現状のゾーン設定を調べる firewall-cmd --list-all
firewalld
ではゾーンという単位で設定が定義され、ゾーンとNICが紐づくことで設定が有効になる。
[root@localhost ~]# firewall-cmd --list-all
public (default, active)
interfaces: enp0s3
sources:
services: dhcpv6-client ssh
ports:
masquerade: no
forward-ports:
icmp-blocks:
rich rules:
上記のip
コマンドででてきた、enp0s3
インタフェースに紐付いていることがわかる。
すべてのゾーンの情報をみる firewall-cmd --list-all-zones
[root@localhost ~]# firewall-cmd --list-all-zones
block
interfaces:
sources:
...
dmz
interfaces:
...
drop
interfaces:
sources:
...
work
interfaces:
sources:
...
ゾーンに設定されているサービスを確認する: firewall-cmd --list-services --zone=public --permanent
--permanent
については後述。
[root@localhost ~]# firewall-cmd --list-services --zone=public --permanent
dhcpv6-client ssh
追加できるサービスを確認する: firewall-cmd --get-services
[root@localhost ~]# firewall-cmd --get-services
amanda-client bacula bacula-client dhcp dhcpv6 dhcpv6-client dns ftp high-availability http https imaps ipp ipp-client ipsec kerberos kpasswd ldap ldaps libvirt libvirt-tls mdns mountd ms-wbt mysql nf
s ntp openvpn pmcd pmproxy pmwebapi pmwebapis pop3s postgresql proxy-dhcp radius rpc-bind samba samba-client smtp ssh telnet tftp tftp-client transmission-client vnc-server wbem-https
各サービスの詳細は設定ファイルをみるのがよいと思う。

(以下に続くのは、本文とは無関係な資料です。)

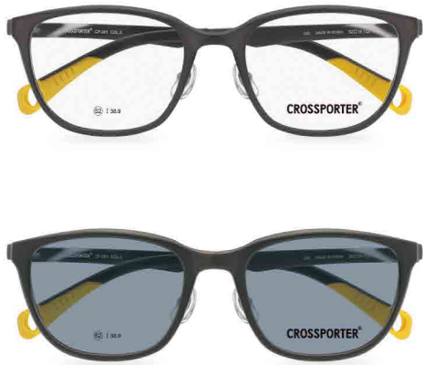
クリップ偏光サングラス

SIZE 52□18-142 ¥38.9 MATERIAL ポリフェニルサルフォン(PPSU) (0160)

変更したい場合は上記の通り、/etc/firewalld
にコピーして行う。
[root@localhost ~]# cat /usr/lib/firewalld/services/http.xml
<?xml version="1.0" encoding="utf-8"?>
<service>
<short>WWW (HTTP)</short>
<description>HTTP is the protocol used to serve Web pages. If you plan to make your Web server publicly available, enable this option. This option is not required for viewing pages locally or developing Web pages.</description>
<port protocol="tcp" port="80"/>
</service>
ゾーンにサービスを追加する: firewall-cmd --add-service=http --zone=public --permanent
--permanent
をつけないと設定ファイルが更新されないので、サービスをreloadすると元の状態に戻ってしまう。
[root@localhost ~]# firewall-cmd --add-service=http --zone=public --permanent
success
確認。
[root@localhost ~]# firewall-cmd --list-services --zone=public --permanent
dhcpv6-client http ssh
追加できました。
実際のファイルをみても、/usr/lib/firewalld/zones/public.xml
は変更されてなくて、
[root@localhost ~]# cat /usr/lib/firewalld/zones/public.xml
<?xml version="1.0" encoding="utf-8"?>
<zone>
<short>Public</short>
<description>For use in public areas. You do not trust the other computers on networks to not harm your computer. Only selected incoming connections are accepted.</description>
<service name="ssh"/>
<service name="dhcpv6-client"/>
</zone>
/etc/firewalld/zones/public.xml
が更新されてます。
[root@localhost ~]# cat /etc/firewalld/zones/public.xml
<?xml version="1.0" encoding="utf-8"?>
<zone>
<short>Public</short>
<description>For use in public areas. You do not trust the other computers on networks to not harm your computer. Only selected incoming connections are accepted.</description>
<service name="dhcpv6-client"/>
<service name="http"/>
<service name="ssh"/>
</zone>
これで、外部から80ポートへアクセスできるようになりました。サービスの再起動も不要でした。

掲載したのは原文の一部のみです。